Repeat the data as given. Images do not go in the copy.

• **THE DATA**
[Start of section]
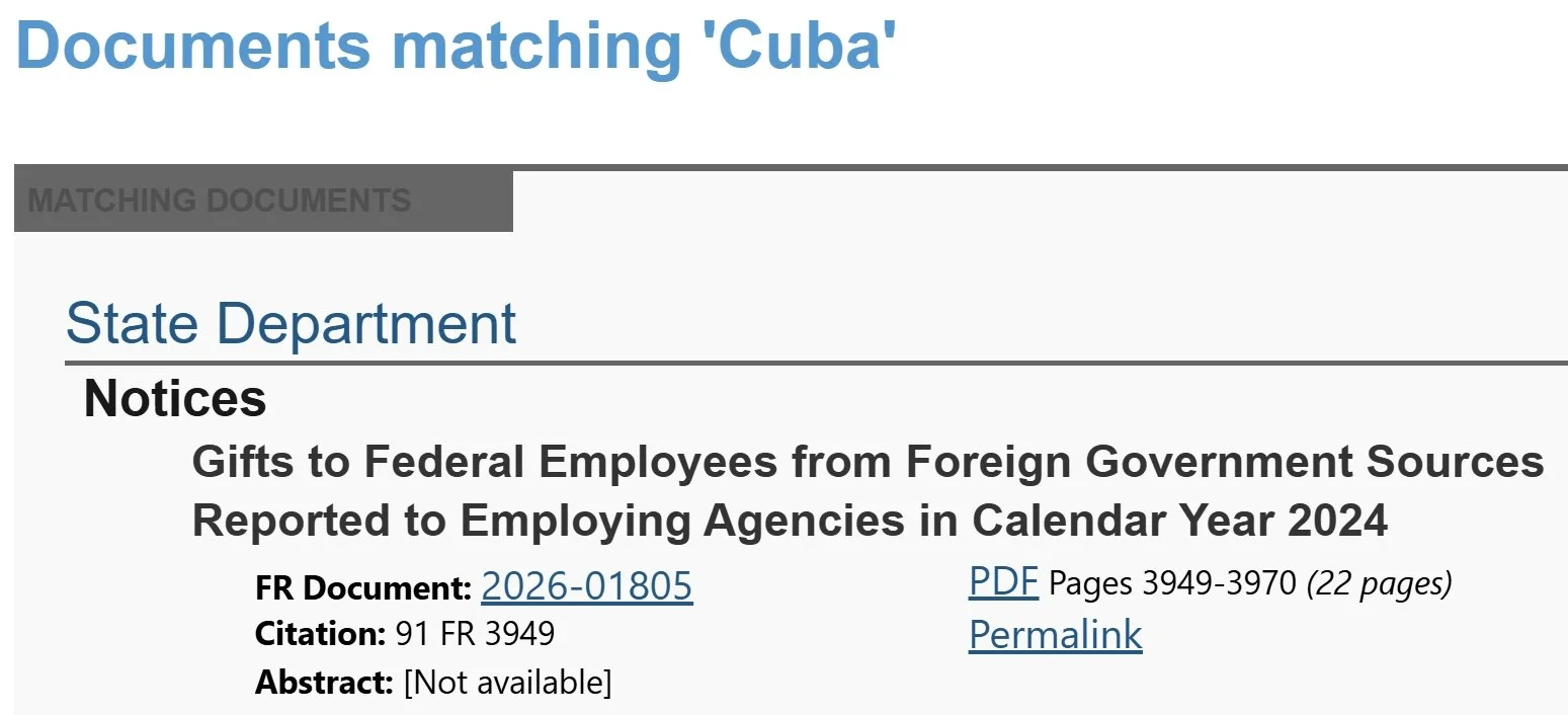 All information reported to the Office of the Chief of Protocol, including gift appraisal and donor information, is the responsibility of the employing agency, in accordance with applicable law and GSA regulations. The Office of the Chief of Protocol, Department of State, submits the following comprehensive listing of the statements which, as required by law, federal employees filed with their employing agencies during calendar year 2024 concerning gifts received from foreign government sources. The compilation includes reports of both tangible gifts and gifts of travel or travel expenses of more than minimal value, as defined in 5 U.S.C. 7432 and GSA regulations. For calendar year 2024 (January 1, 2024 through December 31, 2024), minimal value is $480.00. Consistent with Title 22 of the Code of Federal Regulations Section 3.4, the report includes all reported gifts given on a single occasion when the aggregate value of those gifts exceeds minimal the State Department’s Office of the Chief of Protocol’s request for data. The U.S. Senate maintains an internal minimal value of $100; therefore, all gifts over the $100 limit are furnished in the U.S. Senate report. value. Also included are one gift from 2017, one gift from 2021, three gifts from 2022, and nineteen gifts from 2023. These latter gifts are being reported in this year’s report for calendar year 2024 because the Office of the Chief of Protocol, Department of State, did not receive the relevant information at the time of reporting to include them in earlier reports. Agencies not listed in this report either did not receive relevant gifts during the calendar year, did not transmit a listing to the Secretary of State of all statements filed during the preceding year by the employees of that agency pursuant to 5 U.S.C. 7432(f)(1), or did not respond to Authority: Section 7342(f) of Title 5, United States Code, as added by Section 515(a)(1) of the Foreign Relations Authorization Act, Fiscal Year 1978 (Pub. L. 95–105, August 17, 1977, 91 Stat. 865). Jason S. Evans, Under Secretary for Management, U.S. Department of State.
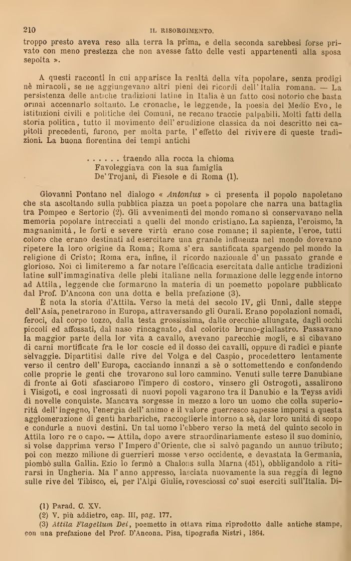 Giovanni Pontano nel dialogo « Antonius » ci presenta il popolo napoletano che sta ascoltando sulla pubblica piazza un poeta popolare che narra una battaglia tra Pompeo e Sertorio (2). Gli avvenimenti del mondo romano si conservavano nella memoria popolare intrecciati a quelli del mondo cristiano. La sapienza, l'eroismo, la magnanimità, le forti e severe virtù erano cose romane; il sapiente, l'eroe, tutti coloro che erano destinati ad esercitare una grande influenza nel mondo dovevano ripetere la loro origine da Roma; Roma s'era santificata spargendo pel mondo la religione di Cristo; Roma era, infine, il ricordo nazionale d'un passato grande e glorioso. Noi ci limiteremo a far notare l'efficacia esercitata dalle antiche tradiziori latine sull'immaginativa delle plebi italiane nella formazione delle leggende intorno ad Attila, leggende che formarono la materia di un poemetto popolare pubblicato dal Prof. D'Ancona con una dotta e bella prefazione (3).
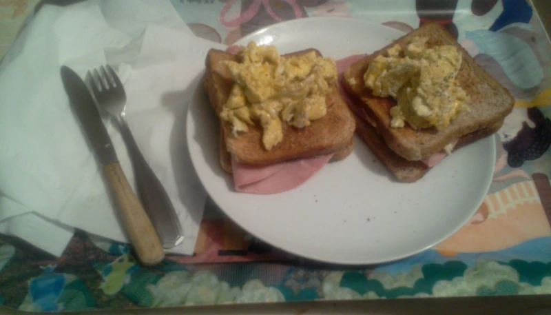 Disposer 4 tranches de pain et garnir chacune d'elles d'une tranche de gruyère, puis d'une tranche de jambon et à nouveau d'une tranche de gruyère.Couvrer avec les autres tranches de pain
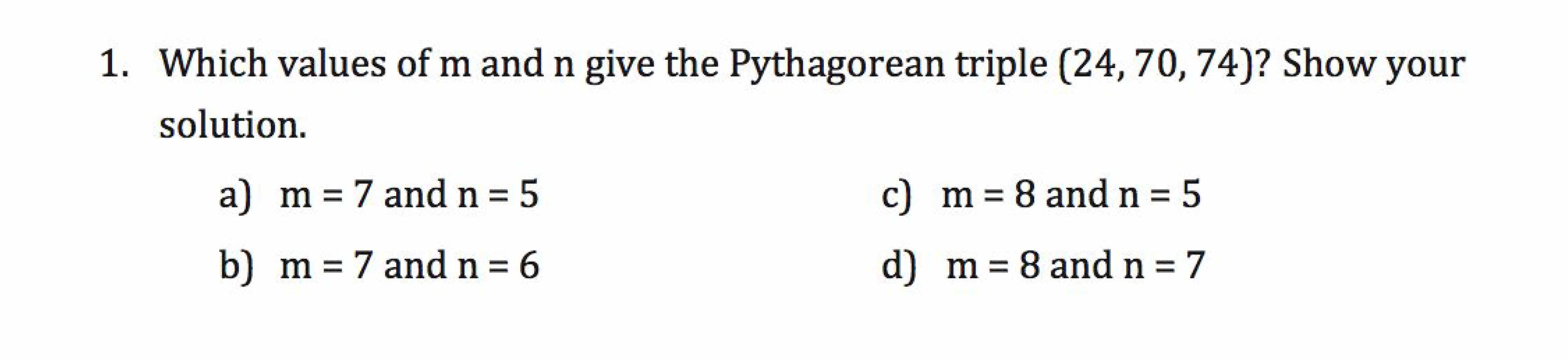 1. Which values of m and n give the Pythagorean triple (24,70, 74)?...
[End of section]
• **FINAL ANSWER**
 All information reported to the Office of the Chief of Protocol, including gift appraisal and donor information, is the responsibility of the employing agency, in accordance with applicable law and GSA regulations. The Office of the Chief of Protocol, Department of State, submits the following comprehensive listing of the statements which, as required by law, federal employees filed with their employing agencies during calendar year 2024 concerning gifts received from foreign government sources. The compilation includes reports of both tangible gifts and gifts of travel or travel expenses of more than minimal value, as defined in 5 U.S.C. 7432 and GSA regulations. For calendar year 2024 (January 1, 2024 through December 31, 2024), minimal value is $480.00. Consistent with Title 22 of the Code of Federal Regulations Section 3.4, the report includes all reported gifts given on a single occasion when the aggregate value of those gifts exceeds minimal the State Department’s Office of the Chief of Protocol’s request for data. The U.S. Senate maintains an internal minimal value of $100; therefore, all gifts over the $100 limit are furnished in the U.S. Senate report. value. Also included are one gift from 2017, one gift from 2021, three gifts from 2022, and nineteen gifts from 2023. These latter gifts are being reported in this year’s report for calendar year 2024 because the Office of the Chief of Protocol, Department of State, did not receive the relevant information at the time of reporting to include them in earlier reports. Agencies not listed in this report either did not receive relevant gifts during the calendar year, did not transmit a listing to the Secretary of State of all statements filed during the preceding year by the employees of that agency pursuant to 5 U.S.C. 7432(f)(1), or did not respond to Authority: Section 7342(f) of Title 5, United States Code, as added by Section 515(a)(1) of the Foreign Relations Authorization Act, Fiscal Year 1978 (Pub. L. 95–105, August 17, 1977, 91 Stat. 865). Jason S. Evans, Under Secretary for Management, U.S. Department of State.
 Giovanni Pontano nel dialogo « Antonius » ci presenta il popolo napoletano che sta ascoltando sulla pubblica piazza un poeta popolare che narra una battaglia tra Pompeo e Sertorio (2). Gli avvenimenti del mondo romano si conservavano nella memoria popolare intrecciati a quelli del mondo cristiano. La sapienza, l'eroismo, la magnanimità, le forti e severe virtù erano cose romane; il sapiente, l'eroe, tutti coloro che erano destinati ad esercitare una grande influenza nel mondo dovevano ripetere la loro origine da Roma; Roma s'era santificata spargendo pel mondo la religione di Cristo; Roma era, infine, il ricordo nazionale d'un passato grande e glorioso. Noi ci limiteremo a far notare l'efficacia esercitata dalle antiche tradiziori latine sull'immaginativa delle plebi italiane nella formazione delle leggende intorno ad Attila, leggende che formarono la materia di un poemetto popolare pubblicato dal Prof. D'Ancona con una dotta e bella prefazione (3).
 Disposer 4 tranches de pain et garnir chacune d'elles d'une tranche de gruyère, puis d'une tranche de jambon et à nouveau d'une tranche de gruyère.Couvrer avec les autres tranches de pain
 1. Which values of m and n give the Pythagorean triple (24,70, 74)?...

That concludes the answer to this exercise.